# windows 10 sur macbook 13p aluminium fin 2008



## Zorg33 (10 Novembre 2020)

Bonjour,

Après avoir beaucoup écumé le net sur le sujet et effectué plusieurs tentatives, je n'arrive pas à installer windows 10 sur mon mac (OSX El Capitan).
Ma  première question est donc : est-ce possible ?
Si oui voici mon pb actuel. J'ai utilisé Gdisk pour basculer en PMBR. Malheureusement j'ai bloqué lors de l'installation win 10 sur un message "windows ne peut être installé sur ce disque.
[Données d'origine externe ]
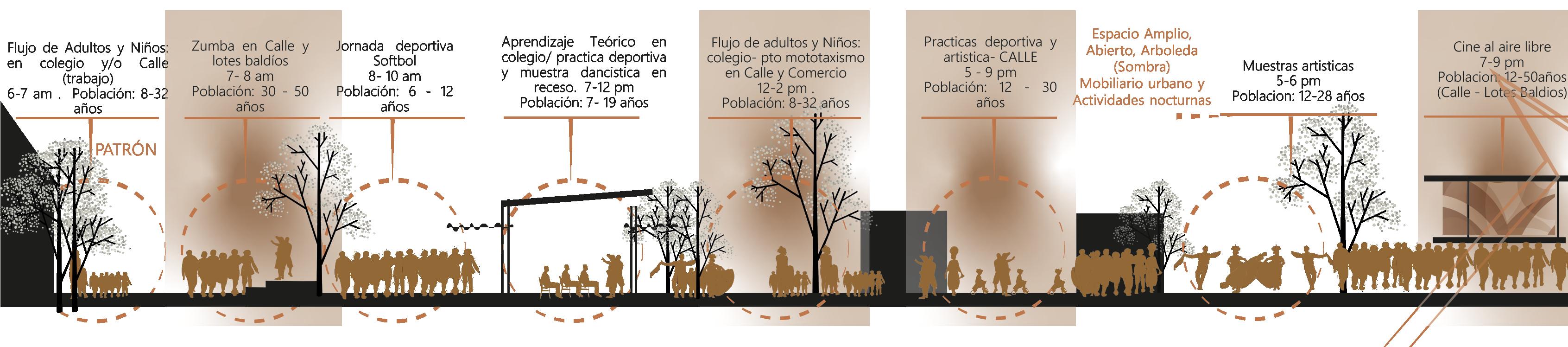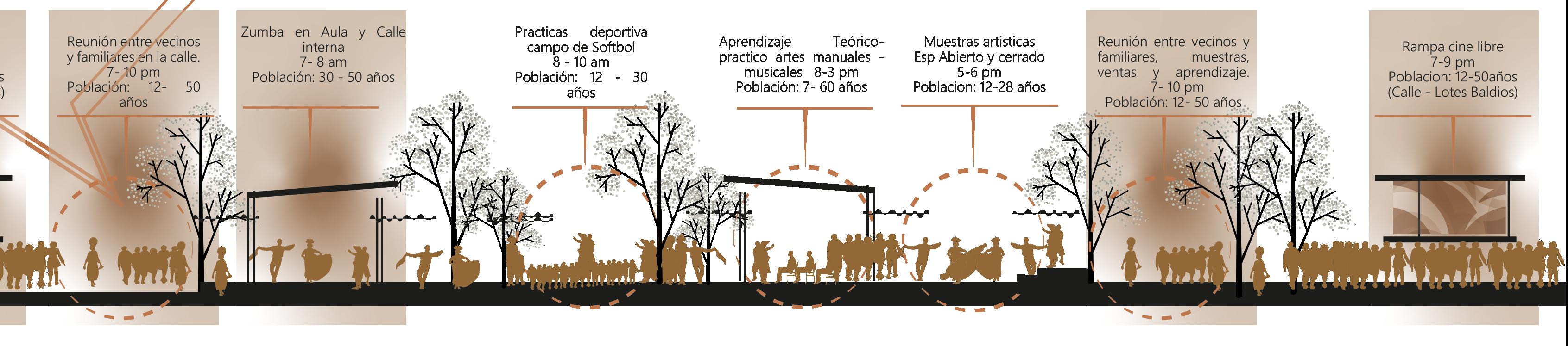 El proyecto se planta con el objetivo de reactivar y resignificar un hito barrial, caracterizado por poseer grandes dimensiones, ser intersección de las vías primarias que conectan con la ciudad, incluir actividades deportivas como lo son el Softbol y por poseer riesgo de inundación. Ante ello, se plantea un equipamiento deportivo y artístico que satisfaga los modos de habitar actuales de la población y así mismo incluir espacios caracterizadores como lo son la “Calle” en donde surgen todo tipo de actividades tanto su proceso teórico, práctica y muestra. El proyecto se organiza alrededor del corazón del proyecto (la cancha de softbol) y a sus alrededores se disponen dos barras divididas en la horizontal para traer el concepto de la “calle” al interior del edificio.
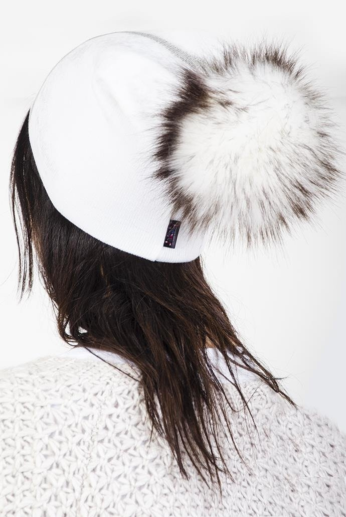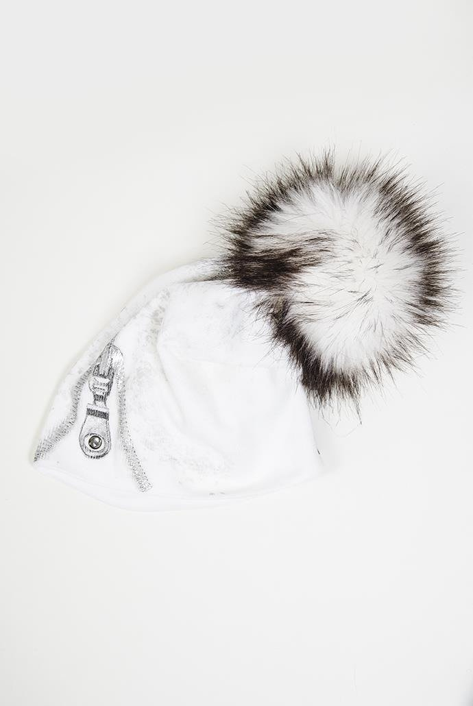 Biała czapka z pomponem i nadrukiem zamkiem.

Le disque sélectionné est du type style de partition GPT". 
J'ai voulu donc tout reprendre à zéro, ai effacé ma partition windows à l'aide de bootcamp et voulu recréer une clé de démarrage. Pb : la clé commence à être formatée (32Go) puis les fichiers windows sont copiés mais au bout de plusieurs minutes, je recois un message indiquant que je n'ai pas assez d'espace disque. Si je regarde sur la clé WININSTALL, plusieurs répertoires ont été créés pour 618Mo ??? Sur mon disque interne (512Go SSD) je dispose de 173 Go de disponible ??

help !


----------



## salemmars (24 Novembre 2020)

meme probleme


----------



## Invité (25 Novembre 2020)

Peut être voir ce message épinglé : https://forums.macg.co/threads/alte...es-fichiers-dinstallation-de-windows.1336321/


----------



## Locke (25 Novembre 2020)

Zorg33 a dit:


> Après avoir beaucoup écumé le net sur le sujet et effectué plusieurs tentatives, je n'arrive pas à installer windows 10 sur mon mac (OSX El Capitan).
> Ma première question est donc : est-ce possible ?





salemmars a dit:


> meme probleme


Par défaut non, car ton Mac possédant encore un SuperDrive devra obligatoirement par le DVD d'installation ou d'une copie gravée depuis un vrai PC. Vu l'âge canonique de 2008 de ce Mac, il ne sera pas possible d'installer une version de Windows 10 et c'est principalement aux composants très anciens de la carte mère.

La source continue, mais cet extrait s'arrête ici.